Previous articles of the present column have pointed out the importance of financing real assets based on real economic activities. The other side of the same equation is attracting traditional capital, which will naturally gravitate towards investment vehicles with actual underlying economic production. This is by no means an easy challenge. Economic interests and claims in the real world are encapsulated in nuanced legal terms, which do not carry over automatically on the blockchain. Capturing entire legal contracts on the blockchain is impractical, and hence drawing out the key terms of the transactions is crucial, a skill not commonly found in the DeFi world.

The current lack of protocols or projects to address this issue attests to the difficulty of the task. However, one has recently launched as a promising solution — Ink Finance (www.inkfinance.xyz).

Not just a new protocol

Ink Finance does not operate like a typical DeFi or blockchain project.
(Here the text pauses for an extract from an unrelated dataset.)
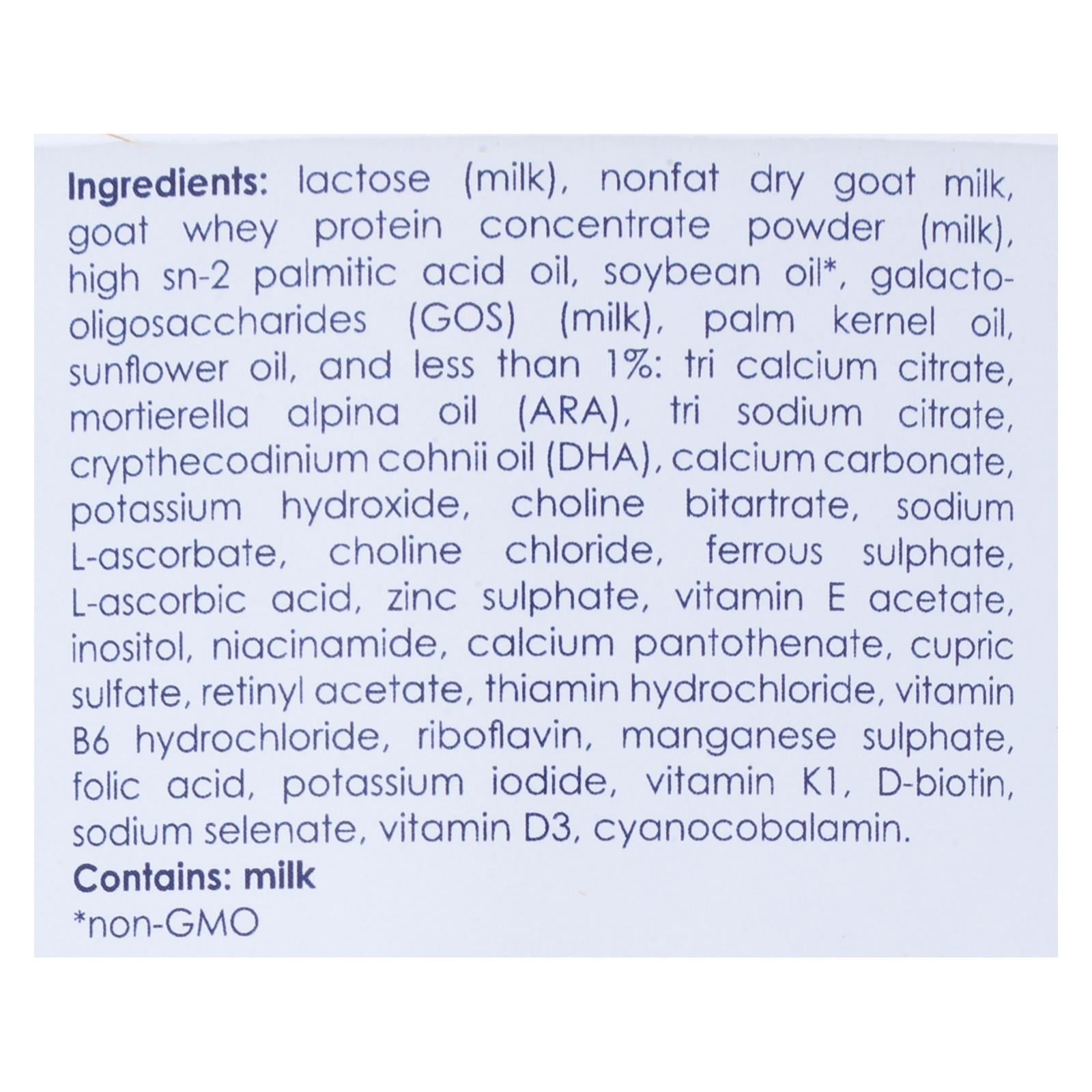 ingredients : lactose;milk;nonfat dry goat milk;goat whey protein concentrate powder;high sn-2 palmitic acid oil;soybean oil;galacto-oligosaccharides;gos;palm kernel oil;sunflower oil;and less than 1%: tri calcium citrate;mortierella alpina oil;ara;tri sodium citrate;crypthecodinium cohnii oil;dha;calcium carbonate;potassium hydroxide;choline bitartrate;sodium l-ascorbate;choline chloride;ferrous sulphate. L-ascorbic acid;zinc sulphate;vitamin e acetate;inositol;niacinamide;calcium pantothenate;cupric sulfate

It is not even a protocol per se, but an entire suite of banking and financial engineering modules. While not necessarily obvious to crypto natives, bankers will find its logic highly intuitive. It is at heart a financial governance system, which bankers (and sophisticated investors) deal with every day in the form of transaction documents as they run a deal. Ink Finance applies its technical framework to govern these financial affairs, by replicating some of the legal terms of the asset itself in order to enforce them. The device is called Ink Envelope, which organizes and encodes the terms into smart contracts. In doing so, it marries the blockchain spirit with real financial transactions — the code is law, and the law pertains to real economic claims. In doing so, Ink Finance spawns the issuance of crypto investment vehicles to finance non-crypto ecosystems — i.e. real-world assets.[TT1]
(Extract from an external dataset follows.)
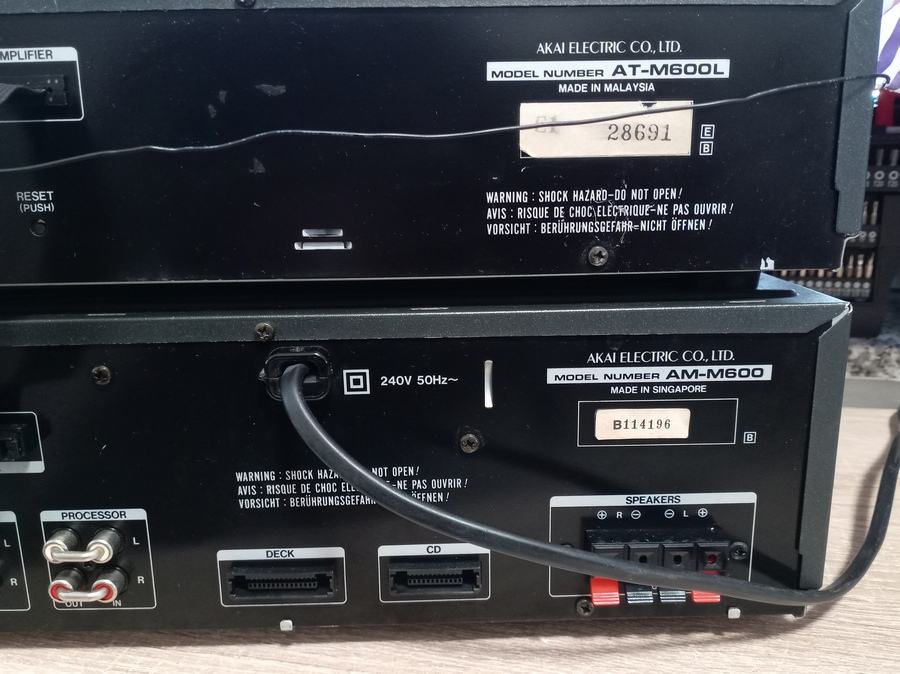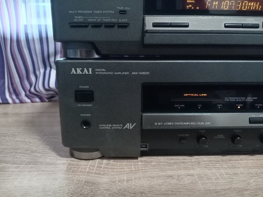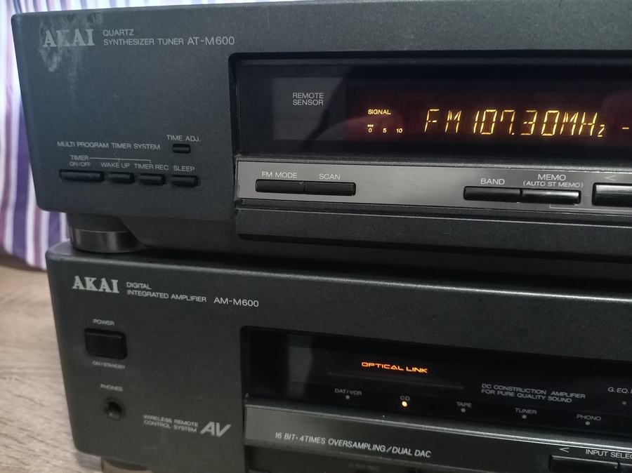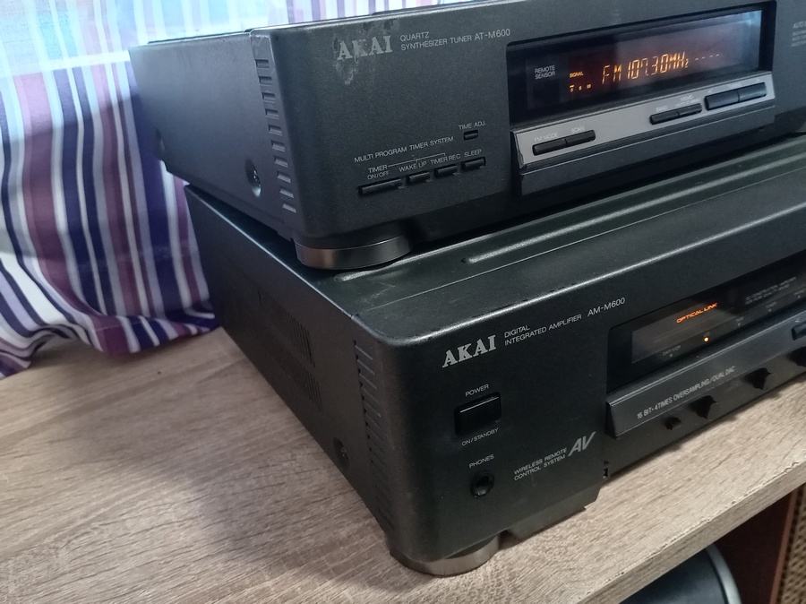 Prodajem ispravno stereo pojačalo AKAI AM-M600 , odličnih 2x35w , phono ulaz , tuner , cd , tape , dat . Pojačalo je težine oko 6,5 kg , dimenzije : 36 x 18 x 31 cm . Uz pojačalo dolazi i odličan tuner AT M600 , koji se spaja na pojačalo sistemskim kablom . Pojačalo je samostalno i može koristit i druge tunere i komponente . Cijena za komplet pojačalo sa tunerom . tel : 099 4722848

The Ink Finance Governance Module addresses the technical issues facing a DAO with a no-code experience. It offers a plug-and-play DAO construction and operation platform so that clients can directly use Ink to govern their off-domain business. This will appeal to bankers and financiers, who are famously clumsy in hiring and managing technical staff. Sitting atop the governance module, Ink Finance Products Module offers a full-blown suite of financial engineering tools to build equity rights, bonds, notes, funds, etc.

If it all works according to plan, any banker-minded asset owners could structure transactions to tap into DeFi liquidity. Ink DAOs enforce that only asset-backed tokens (bonds, rights, ETFs, etc.) will trade and clear with proper custody. Decentralized technology enforces the integrity and rigor of governance. It links users with liquidity looking for good investments to issuers to raise funds backed by real-world assets.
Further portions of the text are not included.